▶ [TO DO] All of the listing should be returned as written, apart from any picture in it.

DATASET SECTION START

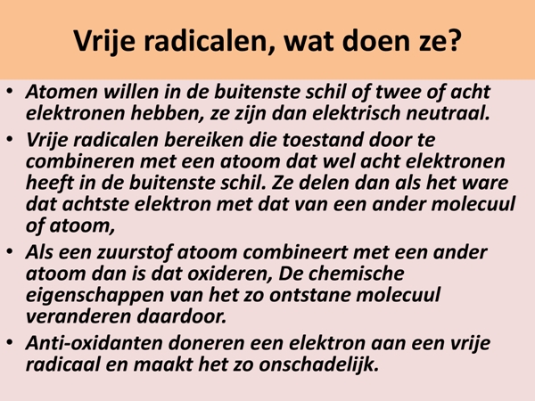 Het is scheikunde maar het wordt eenvoudig uitgelegd dus wellicht dat de meesten het wel begrijpen. Ter sprake komen de vrije radicalen, de bron van alle ellende. Vrije radicalen zijn agressieve zuurstofatomen die zich verbinden met andere atomen. Dat proces is oxidatie. Vindt plaats in de natuur, maar ook in uw lichaam. Het is belangrijk voor een lang en gezond leven om dat zoveel mogelijk te beperken en daar helpen anti oxidanten bij. Wie wil er nu niet gezond leven?
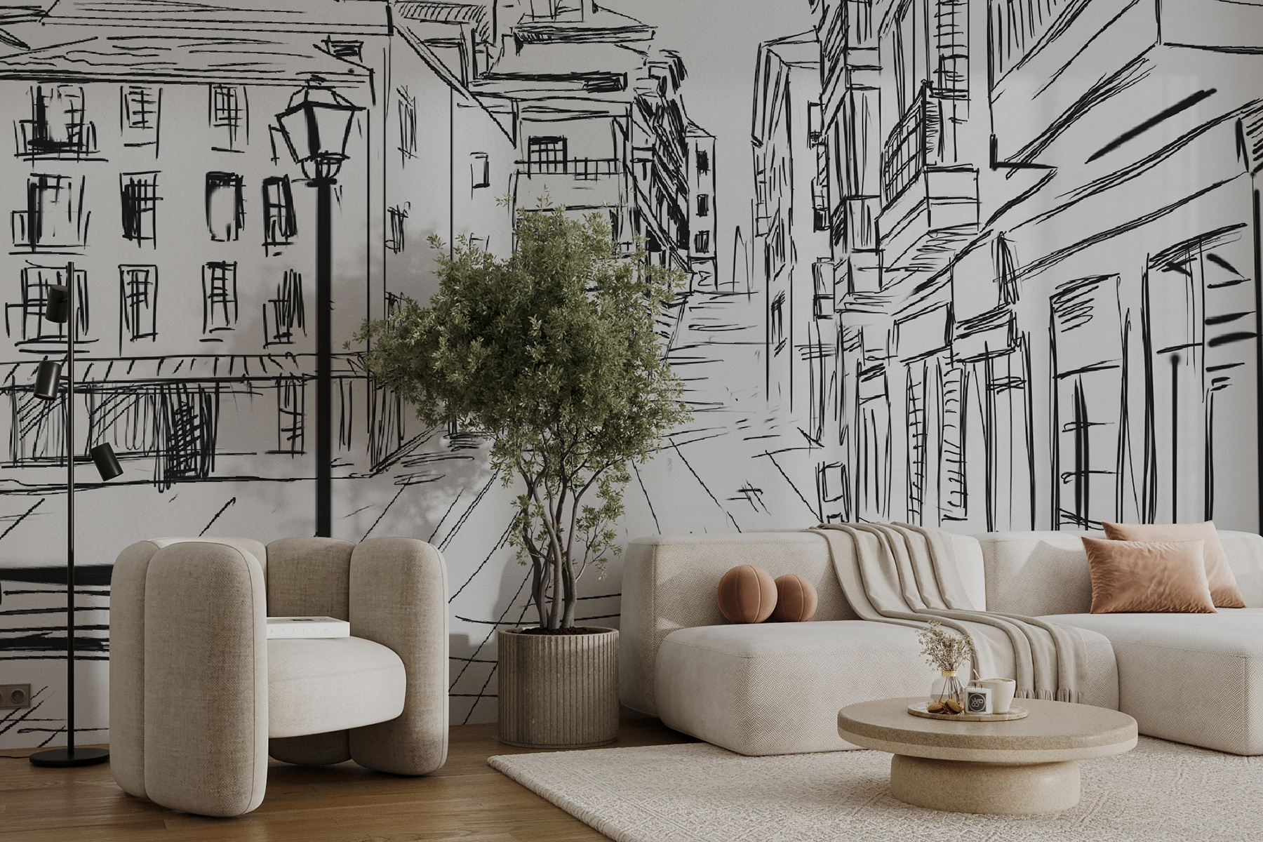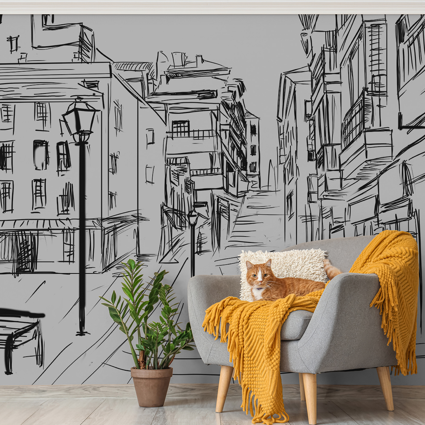 Imagine-se a relaxar na sua sala de estar com este deslumbrante mural a preto e branco na sua parede. É como um esboço caprichoso que ganha vida! As linhas divertidas que capturam uma cena urbana – completa com um banco solitário e edifícios imponentes – trazem um toque artístico que o fará sonhar com as ruas europeias.
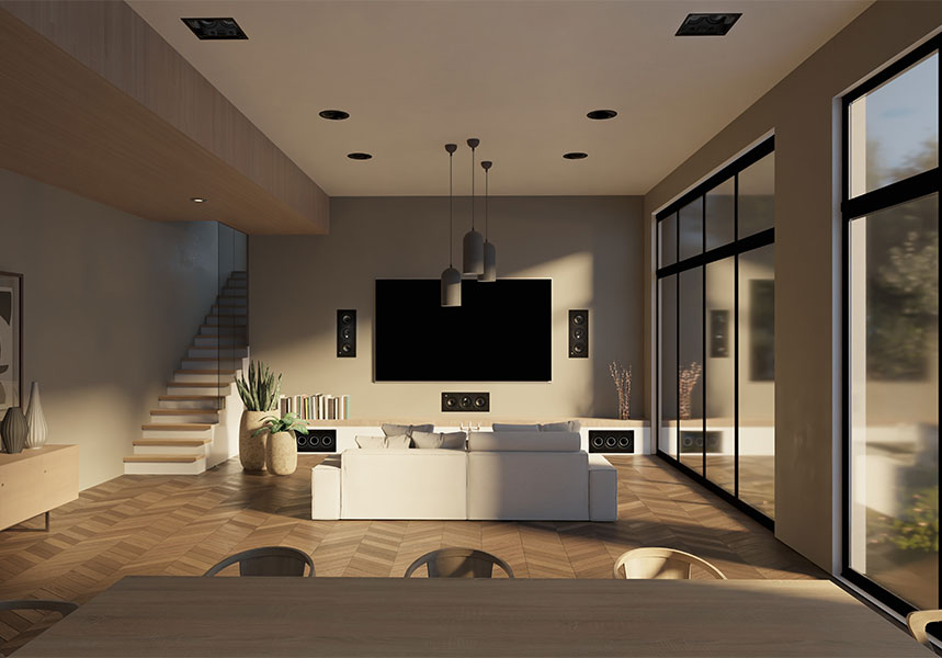 The 1000 IW6 integrated loudspeaker offers a truly compact, invisible alternative to a traditional acoustic installation for your home. Thanks to its sound performance, it's the ideal choice for a home cinema system, especially as a rear channel integrated into a wall, offering musical, high-performance sound reproduction.
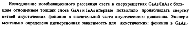 Исследование комбинационного рассеяния света в сверхрешетках GaAs/InAs с большим отношением толщин слоев GaAs и InAs впервые позволило пронаблюдать свертку ветвей акустических фононов в значительной части акустического диапазона. Экспериментально определена дисперсионная зависимость для акустических фононов в GaAs.,

DATASET SECTION END

▶ [COMPLETED TASK]
 Het is scheikunde maar het wordt eenvoudig uitgelegd dus wellicht dat de meesten het wel begrijpen. Ter sprake komen de vrije radicalen, de bron van alle ellende. Vrije radicalen zijn agressieve zuurstofatomen die zich verbinden met andere atomen. Dat proces is oxidatie. Vindt plaats in de natuur, maar ook in uw lichaam. Het is belangrijk voor een lang en gezond leven om dat zoveel mogelijk te beperken en daar helpen anti oxidanten bij. Wie wil er nu niet gezond leven?
 Imagine-se a relaxar na sua sala de estar com este deslumbrante mural a preto e branco na sua parede. É como um esboço caprichoso que ganha vida! As linhas divertidas que capturam uma cena urbana – completa com um banco solitário e edifícios imponentes – trazem um toque artístico que o fará sonhar com as ruas europeias.
 The 1000 IW6 integrated loudspeaker offers a truly compact, invisible alternative to a traditional acoustic installation for your home. Thanks to its sound performance, it's the ideal choice for a home cinema system, especially as a rear channel integrated into a wall, offering musical, high-performance sound reproduction.
 Исследование комбинационного рассеяния света в сверхрешетках GaAs/InAs с большим отношением толщин слоев GaAs и InAs впервые позволило пронаблюдать свертку ветвей акустических фононов в значительной части акустического диапазона. Экспериментально определена дисперсионная зависимость для акустических фононов в GaAs.,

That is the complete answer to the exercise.